Definition
An IFR route flown off the published airway system that has not been established under 14 CFR Part 95, the federal regulation that defines official IFR altitudes and routes. These routes are typically random or direct routings approved by ATC and depend on radar coverage, navigation capability, and pilot-determined obstacle clearance rather than on published minimum altitudes.
Plain English
It is a direct or random IFR route that is not part of the official published route system. Because it has no published minimum altitude, the pilot and controller share more responsibility for keeping the aircraft clear of terrain and obstacles.
Context Anchor
Seen when studying off-airway instrument routes, especially when a route is planned directly between navigation points instead of along a published airway.
Derivation
Part 95 refers to Title 14 of the Code of Federal Regulations, Part 95, which establishes IFR altitudes for federal airways and other published routes. Calling something a 'non-Part 95 route' simply means it falls outside that regulatory framework.
Why Pilots Care
The pilot must determine a safe altitude using obstacle data rather than relying on a published value.
Intuition Check
Do not read “Part 95” as a percentage or as a casual route label.
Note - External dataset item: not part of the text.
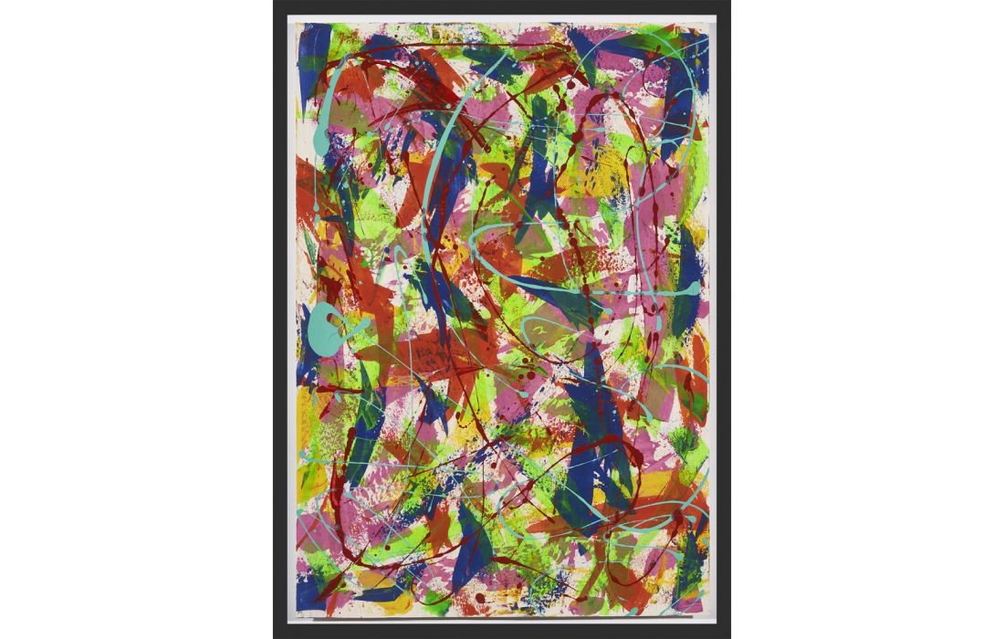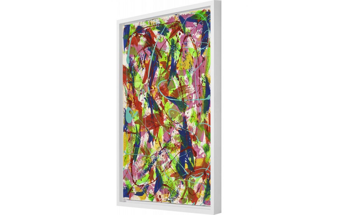 Pintura original abstrata da autora Marina Nova em tela com vidro e moldura com opções de cores lacado branco e preto

Here it means a specific FAA regulation; “non-Part 95” means the route is not covered by that regulation’s published route-altitude listings.
Example Sentence 1
Because the direct routing was a non-Part 95 route, the crew checked the chart's off-route obstruction clearance altitudes before accepting the clearance.
Example Sentence 2
ATC approved the non-Part 95 route after the pilot confirmed adequate obstacle clearance.